Considering 2 x 45cm Chihiros RGB plus hanging rail. Avoiding the 90cm chihiros because website says it doesn't like being dimmed, and id like that flexibility.

Any experiences/views before I part with cash?

Thanks.


----------



## Cor (26 Dec 2017)

I use it on my nano's https://www.ukaps.org/forum/threads/my-pics-always-in-development.39865/#post-508091
Good price for the product


----------



## Kezzab (26 Dec 2017)

Nice!


----------



## Zeus. (26 Dec 2017)

Changed my NEW CHIHIROS A-SERIES PLUS AQUATIC AQUARIUM SUPER LED LAMP a451 for a 
CHIHIROS RGB 45-SERIES and it worked fine with the TC420 iam using, only had the RGB a few weeks so still early days, but the colours are deeper than the A-series, but that is to be expected, but it wasnt a massive difference in colour but it was there

I assume you have already checkout the 
*[The power of light] *


----------



## Nigel95 (26 Dec 2017)

I really love my chihiros rgb. Good quality for the price.  I thought it would be to blue for my taste but no... I have a more expensive daytime unit which they say here is pretty good quality. I like my chihiros rgb more in terms of how the aquarium looks to my eye. But so far I have no tc 420 on it so fish do get scared a little when the lights go on/off.

my tank with chihiros rgb
https://www.ukaps.org/forum/threads/nigels-forest-scape-128l.50219/

If I would need to buy another light right now... I think I would try the twinstar s series.


----------



## David Hewitt (14 Jan 2018)

Kezzab said:


> Hi all, I'm considering an upgrade for my 90cm (https://www.ukaps.org/forum/threads/stig-of-the-sump.48558/).
> 
> The current lights are a bit of a bodge. Id like something better looking and that gives a nicer spectrum for viewing.
> 
> ...



I am pretty sure they are saying not to use their dimmer with the 90. I don't think it's rated for the amp draw of the light. 

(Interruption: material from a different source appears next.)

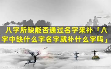 八字所缺 🕸 能否 🐦 通过名字来补 🕊
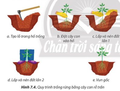 Câu hỏi 8. Quan sát hình 7.4, giải thích các thao tác kĩ thuật của phương pháp trồng rừng bằng cây con rễ trần.

You could get the 90 and try an aftermarket dimmer rated for higher amperage, or hack a tc420 as described here.


----------



## IoannisB (14 May 2018)

Kezzab said:


> Hi all, I'm considering an upgrade for my 90cm (https://www.ukaps.org/forum/threads/stig-of-the-sump.48558/).
> 
> The current lights are a bit of a bodge. Id like something better looking and that gives a nicer spectrum for viewing.
> 
> ...


According the Chichiros Company you can use the dimmer.
I am very confused about that


----------



## IoannisB (14 May 2018)

David Hewitt said:


> I am pretty sure they are saying not to use their dimmer with the 90. I don't think it's rated for the amp draw of the light.
> 
> You could get the 90 and try an aftermarket dimmer rated for higher amperage, or hack a tc420 as described here.


Can you suggest how much amper should be?


----------